Как ни странно, сложнее всего было пройти Площадь Ленина, сделавшей из своей станции настоящую крепость (к слову, как и Дыбенко). Вот он — оплот силы, того самого инструмента, от которого люди загнали себя под землю и без которого сейчас не выжить. Парадоксы мироздания. Пришлось отдать часть оружия, трофейные ножи, оставив намордник с допфильтром и АК-74 с оптическим прицелом и парой рожков к нему. Автомат, который Глыба выторговал у Антона Сомова вместе с бутылём самогона. Если тот, про которого говорила девушка на Лесной, убил Вано (брат на брата), то бояться бордюрщиков не имело смысла. Без своего Властителя да поджимающих с севера каннибалов стране видать анархию и стакан портвейна.
Битый час ушёл на то, чтоб только попасть на Чернышевскую. Там, не задерживаясь, на Восстания и Маяк. Никто ни сказал ни слова. Молох выиграл, они все выиграли — Вано мёртв. Скорее всего, оба брата мертвы: второй всяко дал бы о себе знать, к тому же прошло более двух суток. «Большая цена — подумал Глыба. — Терять собрата по оружию». Пока диггер размышлял, он чуть не наткнулся на единственный патруль к станции Маяковская. Не смотря на смятение в рядах противника, лишний раз бряцать оружием не хотелось.
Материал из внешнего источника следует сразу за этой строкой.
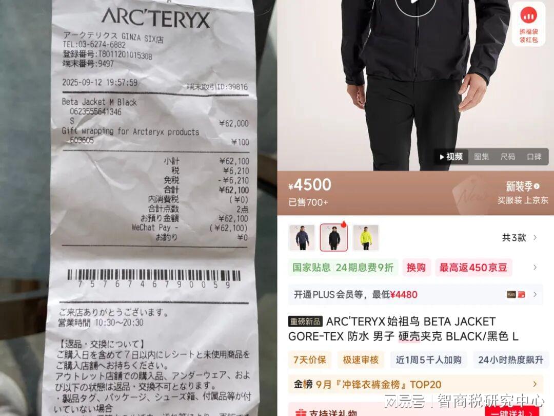 同时,网友小夫在日本东京,买到一件始祖鸟BETA Jacket,退税后价格62100日元,折合人民币约3000元;对比4500元的中国同款,比日本同样贵了1.5倍。

К тому же бордюры, пока оттягивали войска на помощь Горьковской и Петроградской, понесли крупные потери. Империя, ранее союзник, нанесла диверсию, положив всю верхушку главнокомандования москалей. Восстания, Маяк с неизменным Знаком Солнца на поэте давнего времени, Гостиный двор, к которому выходил Глыба, были обезглавлены. И никто не обращал внимания на одиноко бредущего солдата с АК-74 за плащом. Именно там, будучи на станции Глыба узнал, что москали, совместно с Приморским Альянсом (вот вам и новые союзнички), собираются на отчаянный шаг — с хирургической точностью отрезать верх Синей ветки от метро, до конца затопив Горьковскую серией локальных взрывов. Филадельфийский эксперимент без чудесного появления: затопить и заодно заживо похоронить оставшихся на обречённой станции ничего не подразумевающих солдат. Молодых парней, слепо отдающих долг мнимой Родине.
Перегон от Гостиного до Адмиралтейской — точно Невский там, на поверхности города до Судного дня. Сплошь бегают люди, постовые через каждые двадцать метров курят махорку, но никого при этом не трогают. Единственное: ни одного торгаша, мародёра. Испугались, черти. Все мы равным перед матушкой смертью, если ты, конечно, не Стенька Разин, вынесший нечеловеческие страдания и, тем самым, не пикнув от боли перед тем, как отдать концы.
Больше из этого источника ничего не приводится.